Big Data Mining 1st International Workshop on Big Data, Streams and Heterogeneous Source Mining: Algorithms, Systems, Programming Models and Applications


Keynote Speakers

Usama Fayyad

Title: Big Data Analytics: Applications and Opportunities in On-line Predictive Modeling

Dr. Usama Fayyad is co-Founder & CTO of ChoozOn Corporation — a search engine service that helps consumers make sense of the chaos of overwhelming offers and deals through personalization and intelligent matching. In 2010 he was appointed by King Abdullah II of Jordan to lead the OASIS-500 as its Executive Chairman — a tech startup investment fund that runs an accelerator/incubator, entrepreneurship training program, and angel network that aims to fund 500 Internet and Technology startups in the next 5 years. In 2008, Fayyad founded Open Insights, a data strategy, technology and consulting firm to help enterprises understand data strategy and deploy data-driven solutions that effectively and dramatically grow revenue and competitive advantages.

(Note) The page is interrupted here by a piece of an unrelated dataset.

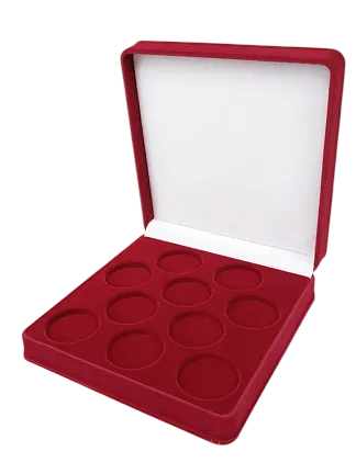 Футляр (186x192x50 мм) на 10 монет в капсулах (диаметр 46 мм), светло-бордовый

Up until September 2008, he was in Sunnyvale, CA as Yahoo!’s chief data officer & Executive VP responsible for Yahoo!’s global data strategy, architecting Yahoo!’s data policies and systems, prioritizing data investments, and managing the Company’s data analytics and data processing infrastructure which processed over 25 Terabytes of data per day. Fayyad also founded and managed the Yahoo! Research organization with offices around the world and which became the premier scientific research organization to develop the new sciences of the Internet, on-line marketing, and algorithmic Advertising. At Yahoo! he applied Big Data techniques to content and advertising targeting and built the world’s largest group of data scientist – helping Yahoo! grow its revenues for targeting by 20x in 4 years. In 2003 Fayyad co-founded and led the DMX Group, a data mining and data strategy consulting and technology company that was acquired by Yahoo! in 2004.

He is an active angel investor in the U.S. and in the Middle East and specializes in early-stage tech companies. He is part of the U.S. Dept of State Delegation on Entrepreneurship in the Middle East and North Africa. For more details on Usama’s background, see his personal web site at:

Abstract: Virtually all organizations are having to deal with Big Data in many contexts: marketing, operations, monitoring, performance, and even financial management. Big Data is characterized not just by its size, but by its Velocity and its Variety for which keeping up with the data flux, let alone its analysis, is challenging at best and impossible in many cases. In this talk I will cover some of the basics in terms of infrastructure and design considerations for effective an efficient BigData. In many organizations, the lack of consideration of effective infrastructure and data management leads to unnecessarily expensive systems for which the benefits are insufficient to justify the costs. We will refer to example frameworks and clarify the kinds of operations where Map-Reduce (Hadoop and and its derivatives) are appropriate and the situations where other infrastructure is needed to perform segmentation, prediction, analysis, and reporting appropriately – these being the fundamental operations in predictive analytics. We will thenpay specific attention to on-line data and the unique challenges and opportunities represented there. We cover examples of Predictive Analytics over Big Data with case studies in eCommerce Marketing, on-line publishing and recommendation systems, and advertising targeting: Special focus will be placed on the analysis of on-line data with applications in Search, Search Marketing, and targeting of advertising. We conclude with some technical challenges as well as the solutions that can be used to these challenges in social network data.

Bharat Rao

Title: Rapid Learning Systems to improve patient outcomes and reduce healthcare costs

Bharat Rao, PhD is Senior Director and Head of the newly-formed Center for Innovations in the Health Services (HS) business unit in Siemens Healthcare, headquartered in Malvern PA. The Siemens HS unit develops and markets enterprise information technology and business intelligence solutions for hospitals and other healthcare providers. The Center for Innovations was established in May 2012 with the vision to foster thought-leadership for Siemens in the dynamic field of healthcare IT. The Center’s goals are to create a continuous-innovation pipeline of new products, services and capabilities; to develop and rollout processes to translate innovation into commercial success; establish collaborations with luminary customers, academic & industry partners; and to drive an innovation agenda that impacts the entire HS portfolio and workforce.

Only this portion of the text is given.